The problem of contingency

The problem of contingency:  "Why this universe and not some other?"

Tegmark considers that "some subset of all mathematical structures...is endowed with...physical existence" (M. Tegmark, Annals of Physics, 270, pp1-51, 1998). In later papers Tegmark suggests that ALL mathematical structures have physical existence and then that all finite computable structures have physical existence (Foundations of Physics, 38, pp101-50, 2008).

In my view:

Observing (interacting with) the physical world we learn/record a collection of patterns and procedures (action patterns/sequences). We learn to count,  to gather objects together (form collections), to add objects to a collection (add), to remove objects from a collection (subtract), to compare collection sizes (equate), to divide collections into a number of equal size smaller sets (divide), etc., etc.  Science studies the patterns we see in the world of our experience, the "physical world."

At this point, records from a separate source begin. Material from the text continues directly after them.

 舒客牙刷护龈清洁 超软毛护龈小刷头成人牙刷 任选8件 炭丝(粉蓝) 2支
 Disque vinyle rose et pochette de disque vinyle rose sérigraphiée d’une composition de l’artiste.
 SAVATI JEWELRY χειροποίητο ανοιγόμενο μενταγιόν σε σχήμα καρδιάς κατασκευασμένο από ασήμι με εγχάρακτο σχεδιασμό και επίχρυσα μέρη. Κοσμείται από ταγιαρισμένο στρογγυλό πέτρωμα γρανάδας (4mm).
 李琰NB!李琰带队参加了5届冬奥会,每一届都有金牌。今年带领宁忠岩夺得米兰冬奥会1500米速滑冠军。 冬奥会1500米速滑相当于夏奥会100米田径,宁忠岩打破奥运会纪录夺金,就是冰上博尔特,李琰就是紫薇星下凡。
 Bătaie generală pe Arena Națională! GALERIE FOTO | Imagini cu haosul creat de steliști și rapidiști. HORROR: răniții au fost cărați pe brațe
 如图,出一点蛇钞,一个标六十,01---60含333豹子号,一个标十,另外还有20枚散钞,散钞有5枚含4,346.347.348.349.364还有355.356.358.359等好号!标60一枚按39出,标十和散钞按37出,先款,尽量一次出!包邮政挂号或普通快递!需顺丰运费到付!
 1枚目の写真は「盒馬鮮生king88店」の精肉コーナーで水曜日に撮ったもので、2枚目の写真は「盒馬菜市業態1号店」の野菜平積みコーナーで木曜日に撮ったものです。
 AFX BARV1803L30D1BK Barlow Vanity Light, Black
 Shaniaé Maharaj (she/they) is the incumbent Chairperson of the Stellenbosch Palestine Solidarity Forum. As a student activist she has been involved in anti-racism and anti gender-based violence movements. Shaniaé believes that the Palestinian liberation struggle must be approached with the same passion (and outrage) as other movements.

In mathematics we study patterns, both those we see in the world and any patterns that we choose to make up.  We combine elementary patterns, divide them up, recombine, etc.  Some of what we compose is then found to occur in the world, some is not.  (We see horns in the world.  We see ponies in the world.  We combine these to form unicorns.  We don't happen to find unicorns in the world of our experience.)

My artificial intelligence Asa H thinks in this same way.